As first year bachhas in IUCAA, we were ragged by the seniors - many of them looking pretty menacing for people who recently had bachhas of their own - should be glowing with fatherly pride you'd imagine - not these guys. One of them (later on I learnt his name, Tarun Saini) asked me to sing out a paper on Quantum Mechanics - I don't know if you have ever done that - but it is hard to do justice to a song that goes 'The wavefunction of the hydrogen atom ...'. Not lyrical enough. Someone quipped - he is like Jatush - ghazal singer.

That is how I met Jatush - shared an office and room with.

I should tell you then - the end of the story now - he died violently in Italy last week. Twenty five thousand lines of C code later. Ghazal singer. C programmer. Shy dancer. Friend. A Jatush shaped hole in the Universe.
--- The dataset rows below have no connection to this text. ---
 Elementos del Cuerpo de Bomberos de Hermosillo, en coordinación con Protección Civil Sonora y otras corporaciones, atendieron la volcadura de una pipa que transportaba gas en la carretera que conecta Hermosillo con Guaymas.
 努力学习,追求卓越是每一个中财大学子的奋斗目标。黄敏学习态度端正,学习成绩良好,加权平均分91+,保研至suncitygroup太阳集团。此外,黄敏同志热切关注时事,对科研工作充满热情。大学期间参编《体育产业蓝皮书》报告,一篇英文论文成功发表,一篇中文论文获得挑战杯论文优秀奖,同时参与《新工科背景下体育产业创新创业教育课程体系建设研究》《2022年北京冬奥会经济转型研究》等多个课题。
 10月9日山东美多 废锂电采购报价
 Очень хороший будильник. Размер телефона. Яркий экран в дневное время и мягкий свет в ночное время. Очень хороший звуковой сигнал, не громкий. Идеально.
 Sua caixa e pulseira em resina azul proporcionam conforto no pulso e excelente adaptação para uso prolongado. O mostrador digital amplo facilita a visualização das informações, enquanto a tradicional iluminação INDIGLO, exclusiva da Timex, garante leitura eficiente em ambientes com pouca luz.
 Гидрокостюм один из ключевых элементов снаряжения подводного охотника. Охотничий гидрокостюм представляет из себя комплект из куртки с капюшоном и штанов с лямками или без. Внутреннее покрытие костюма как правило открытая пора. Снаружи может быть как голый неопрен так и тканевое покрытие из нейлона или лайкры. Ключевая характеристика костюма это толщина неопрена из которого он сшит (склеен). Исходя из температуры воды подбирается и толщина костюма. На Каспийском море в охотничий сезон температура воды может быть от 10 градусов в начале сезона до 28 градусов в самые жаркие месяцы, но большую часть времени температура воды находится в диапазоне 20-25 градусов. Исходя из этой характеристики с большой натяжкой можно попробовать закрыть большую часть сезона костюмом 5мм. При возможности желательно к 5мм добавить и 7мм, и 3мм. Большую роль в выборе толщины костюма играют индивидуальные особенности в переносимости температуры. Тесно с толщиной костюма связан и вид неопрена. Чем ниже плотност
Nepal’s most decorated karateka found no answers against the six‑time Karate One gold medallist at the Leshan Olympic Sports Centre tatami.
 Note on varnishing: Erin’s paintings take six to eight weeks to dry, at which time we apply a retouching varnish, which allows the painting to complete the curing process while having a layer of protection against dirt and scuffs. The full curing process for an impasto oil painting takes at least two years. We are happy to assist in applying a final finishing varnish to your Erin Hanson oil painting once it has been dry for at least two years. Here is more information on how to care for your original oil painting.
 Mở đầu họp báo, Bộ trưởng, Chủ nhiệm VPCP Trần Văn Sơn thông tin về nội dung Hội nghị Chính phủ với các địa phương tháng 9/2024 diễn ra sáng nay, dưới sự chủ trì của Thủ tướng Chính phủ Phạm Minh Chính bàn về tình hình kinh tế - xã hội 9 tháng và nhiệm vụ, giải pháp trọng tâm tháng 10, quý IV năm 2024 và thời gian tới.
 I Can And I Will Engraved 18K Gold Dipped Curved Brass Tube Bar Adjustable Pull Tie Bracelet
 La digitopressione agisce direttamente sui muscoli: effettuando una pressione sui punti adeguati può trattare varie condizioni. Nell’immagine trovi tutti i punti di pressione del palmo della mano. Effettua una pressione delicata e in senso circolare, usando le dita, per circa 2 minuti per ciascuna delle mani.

And yet we must forget ....
Those who knew
what was going on here
must give way to
those who know little.
And less than little.
And finally as little as nothing.

In the grass which has overgrown
reasons and causes,
someone must be stretched out
blade of grass in his mouth
gazing at the clouds.

- Szymborska, 'The end and the beginning'.

25 is too young to die. May his parents find the strength to bear his loss.

December 4, 2004

The Astronomer

In the shadow of the temple my friend and I saw a blind man sitting alone. And my friend said, "Behold the wisest man of our land." Then I left my friend and approached the blind man and greeted him. And we conversed.

After a while I said, "Forgive my question, but since when hast thou been blind?" "From my birth," he answered. Said I, "And what path of wisdom followest thou?" Said he, "I am an astronomer."

Then he placed his hand upon his breast, saying,
"I watch all these suns and moons and stars."